Чарли с Огневого Рубежа был тут хорошо известен. Он частенько постреливал из укрытия после того, как группа стрелков заканчивала упражнение, и пытался кого-нибудь зацепить. За несколько месяцев до того он стрелял с позиции чуть восточнее и убил парня из роты «С» во время раздачи почты в проезде между ротными палатками. Как мне эту историю пересказывали, снайпера и его жертву разделяли примерно три сотни метров. Снимаю шляпу перед снайпером, это был либо очень хороший выстрел, либо очень удачный. Я с такого расстояния не попаду ни во что размером меньше мусоровоза. Было бы здорово, если кто-нибудь пошёл и прикончил его, но там валялось столько неразорвавшихся боеприпасов, что только слабоумный отправил бы за ним пеший патруль. Мы, впрочем, предпринимали попытки отстреливаться.

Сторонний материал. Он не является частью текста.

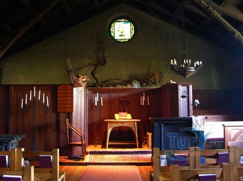 Очень необычны поддерживающие потолок земляничные деревья - идея молодого Майбека. По легенде эти стволы выбирали в лесу Санта-Круз и заворачивали в специальную ткань, чтобы избежать повреждения, а уже потом доставляли поездом.

Наши сегодняшние усилия возглавил Лазанья, который, успокоив Фуэнтеса, открыл огонь из М-60. Ещё один преподаватель из школы джунглей использовал М-16. Вскоре подъехал джип с установленным на нём М-60 и самой длинной патронной лентой, что я когда-либо видел. Она лежала на полу джипа кучей размером с пятигаллонное ведро. Они использовали её всю. Мой вклад в нашу национальную оборону в тот день состоял из нескольких залпов моего фотоаппарата «Кодак Инстаматик». Перед тем, как покинуть Калифорнию, я воспользовался зелёной и коричневой краской от сборной модели самолета, чтобы придать фотоаппарату камуфляжную раскраску. У меня получились хорошие снимки этого эпизода.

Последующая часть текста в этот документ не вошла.